References
Improving service delivery
Achallenge facing the NHS is how to transfer innovations and improvements from one organisation to another and thereby reduce variations in service delivery (Horton et al, 2018). Sometimes, this merely reflects the slow spread of successful innovations, but at others, factors such as culture, staff skills and established habits affect their successful replication in another setting (Horton et al, 2018). It is not simply the innovation and its implementation but also the context and interaction between these elements that influence success.
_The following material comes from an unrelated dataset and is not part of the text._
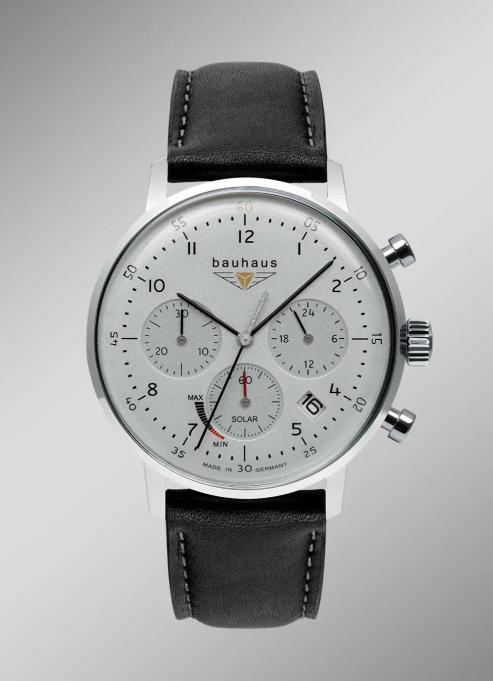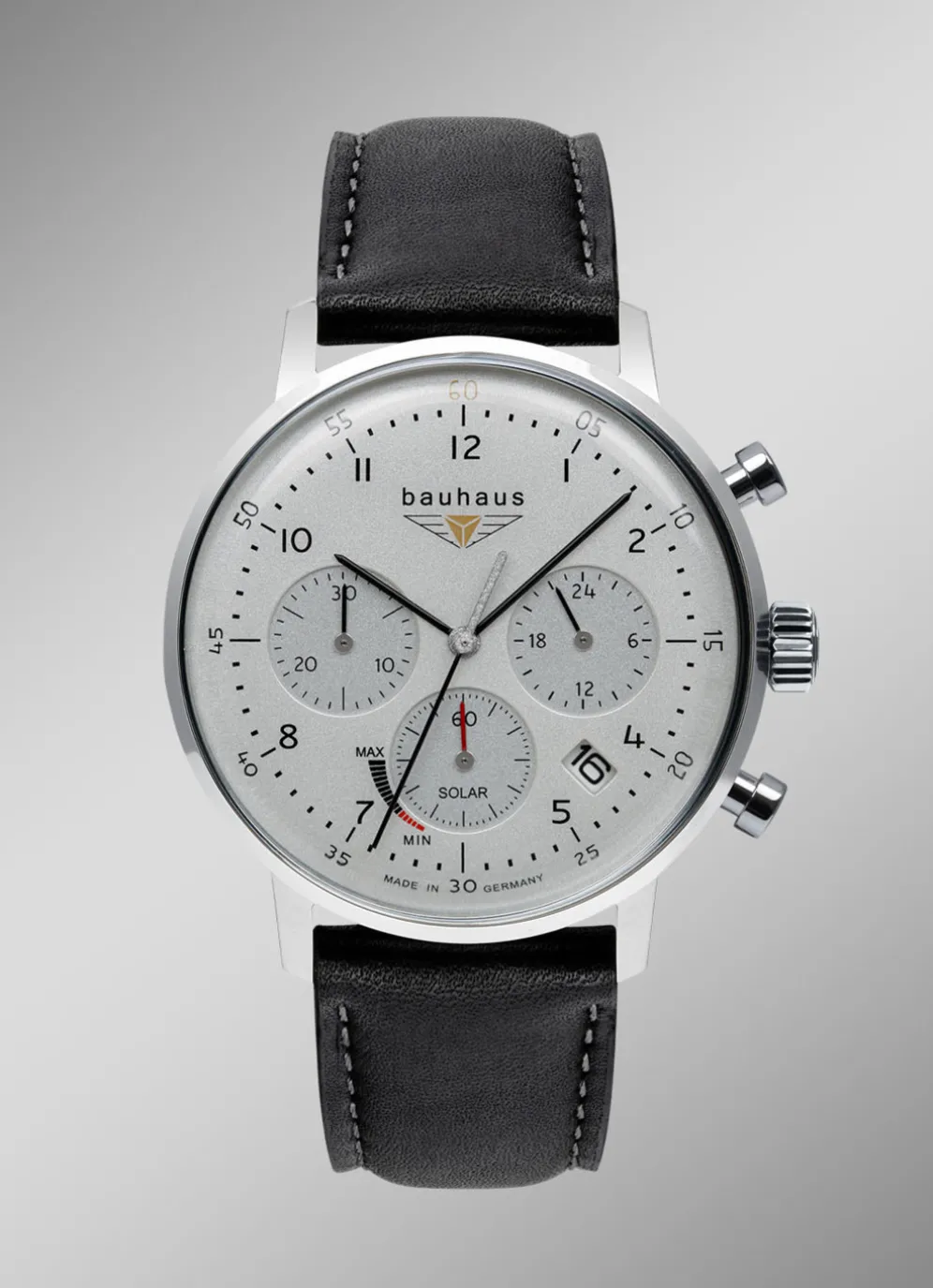 Die Bauhaus Classic ist nicht nur ein Symbol für Stil, sondern auch für Nachhaltigkeit, dank ihres effizienten Solarantriebs. Das klare Mineralglas schützt das Zifferblatt, während der Chronograph, das Datum, die Stoppuhr und die 12/24h-Anzeige Funktionalität und Vielseitigkeit bieten. Jedes Detail dieser Uhr wurde sorgfältig bedacht und umgesetzt, um Ihnen eine Uhr zu präsentieren, die nicht nur Made in Germany ist, sondern auch den Geist des Bauhaus-Designs verkörpert. Tragen Sie ein Stück Geschichte am Handgelenk.

Context is a set of factors that affect improvement efforts and may not be easily modifiable. Bate (2014) argued that it has four measurable dimensions—strategic, cultural, technical and structural—and inadequacy in any one affects prolonged significant improvements and sustained learning. Robert and Fulop (2014) identified multiple levels of context (micro, meso and macro) and examined how they combine to affect the sustained success of quality improvement. Following up, Ovretveit (2014) identified critical conditions for an improvement to be successful; these vary depending upon the innovation, and different elements of the context affect different types of innovations. Horton et al (2018) suggested that the ‘replicability problem’ can be solved if teams adapt and implement innovations to work in their own settings. Thus, new technologies, practices and models of care must be sympathetically adapted to the specific context with the engagement of all those affected if they are to be successfully implemented and sustained. Perhaps it would be helpful if there were ‘spread programmes’ to enable the successful cascade of innovations.